Contacts are made until a quota is filled. Therefore, non-response cannot occur. The interviewer makes the final choice of sample. However the choice is limited by availability, and the diligence and honesty of the interviewer. The method is much used by market research and opinion pollsters.
This is a form of longitudinal study, but is usually of shorter duration and more focused. It involves questioning the same sample at regular intervals to observe trends of opinion. With this sort of sample, as opposed to cross sectional (one off) studies, change over time can be monitored. A disadvantage is that respondents are lost through death or lack of interest or moving and that those who remain may become atypical through the very experience of being panel members.

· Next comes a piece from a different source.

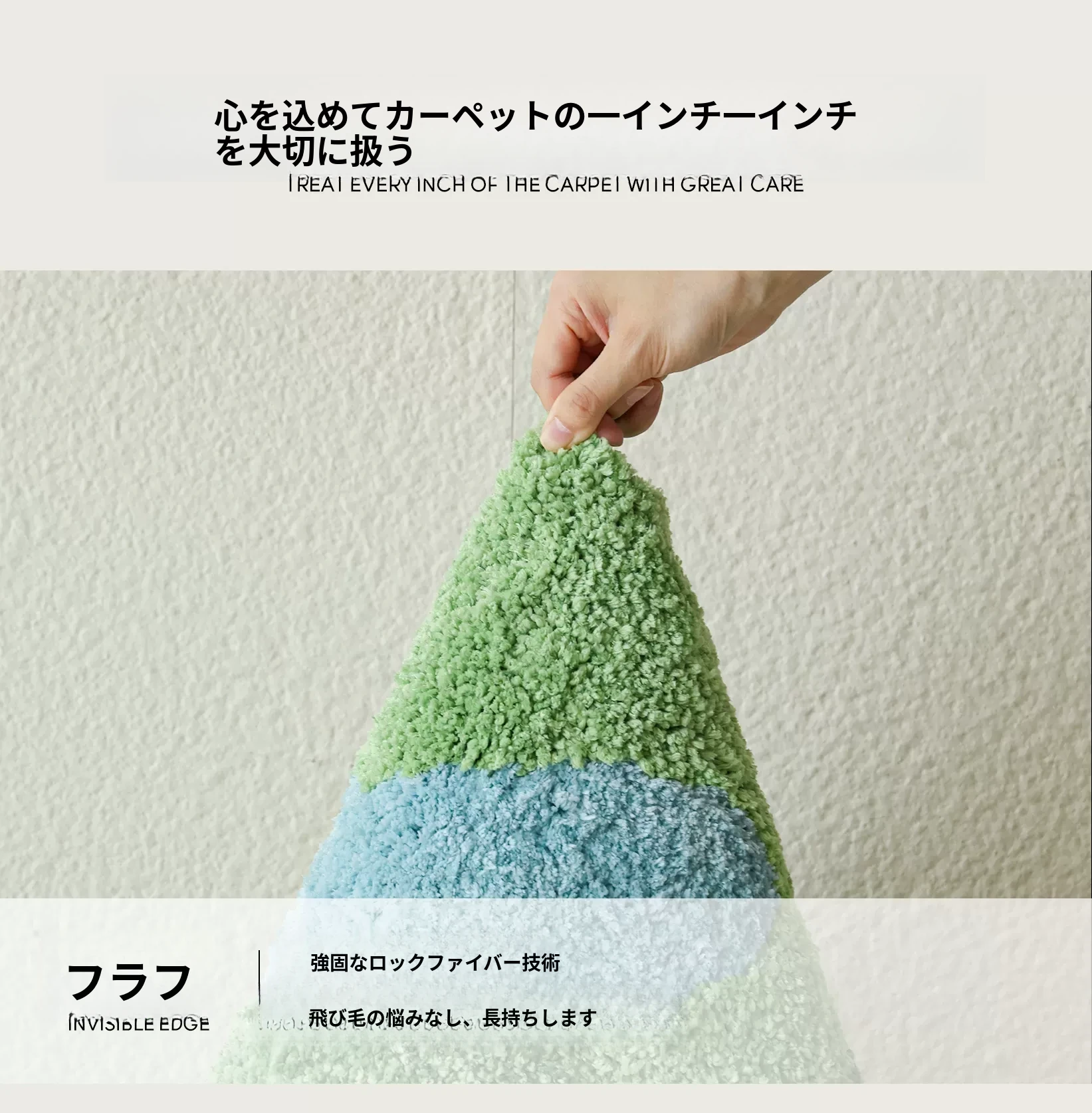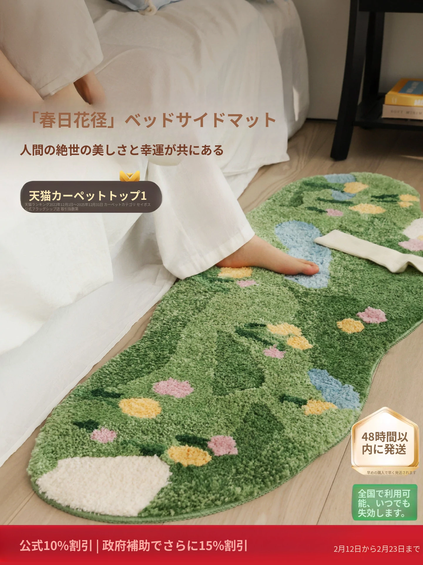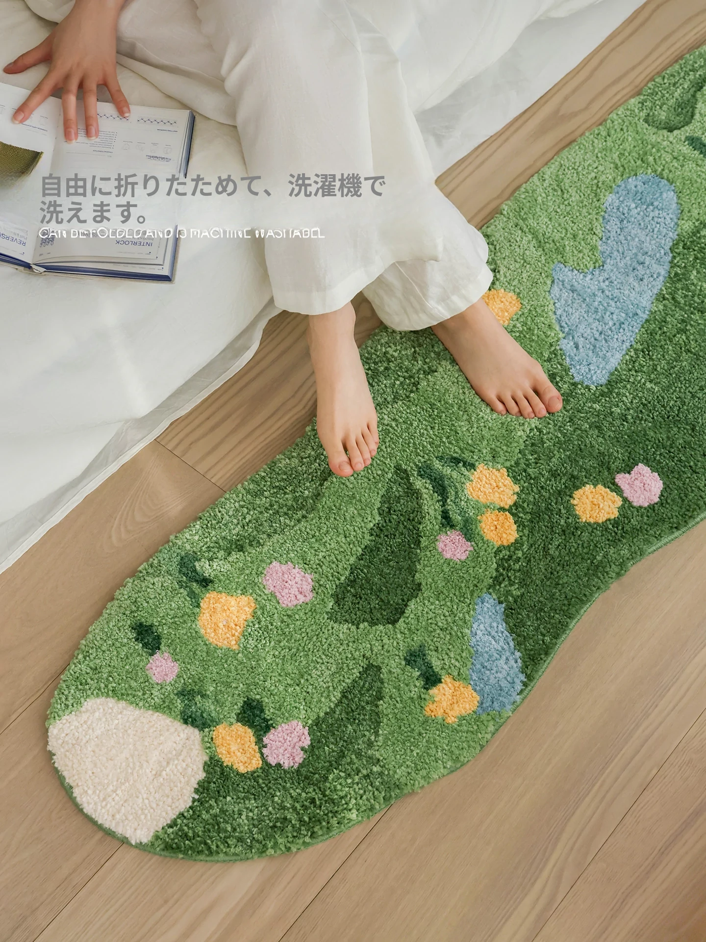サイボス異形ベッドサイドカーペット 長方形 グリーン 柔らかい 滑り止め 高級感 漢字のデザインで おしゃれな寝室や窓辺、クローゼット、リビングに最適なカーペット!

This is a method of sampling which selects from groups (clusters) already existing in the parent population rather than assembling a random sample. This tends to be quicker and cheaper, but may lead to a biased sample if the clusters are not representative of the parent population. For example, polls taken of attitudes to government policy may be carried out in selected areas of the country thought to be representative, but because of local political dynamics this may not be the case.
This is a method of selecting a sample by starting with a small selected group of respondents and asking them for further contacts. This is not therefore a random sample and no inferences about the characteristics of the parent population can be made from such a study. Its use is primarily in the collection of in depth qualitative data, perhaps on sensitive topics, where an obvious sampling frame does not exist and the best method of selection is through personal contacts. Such a method might be used in an investigation of sexual habits or bereavement experiences.
To work effectively a representative sample must be an accurate representative cross section.
If a sample is large enough and properly selected it will increase its representational accuracy. If it fails to do either of the above its results may be less accurate than an educated guess.
Bias develops in several ways:
First, through self-selection. This is where respondents select themselves and is particularly true of postal questionnaires, for example, if 100 respondents reply out of a sample of 200, is this 45% or 90% in favour of a particular action if 90 out of the 100 answer yes?
Second, there will be choice involved at three levels in the sample and all ca introduce bias. The choosing of the sample, the choosing of questions, and the choosing of significant responses.
Finally, there is the judgment of interviewers, especially in quota sampling.
Generally, sampling seeks to avoid the possibility of 'freaks' occurring and the larger the sample, the less likelihood there is of this happening. The greater the variety of characteristics in the population being measured, the larger and more carefully designed the sample needs to be. Ultimately, the operation of a sample survey comes down to a running battle against sources of bias - a battle, which is never won.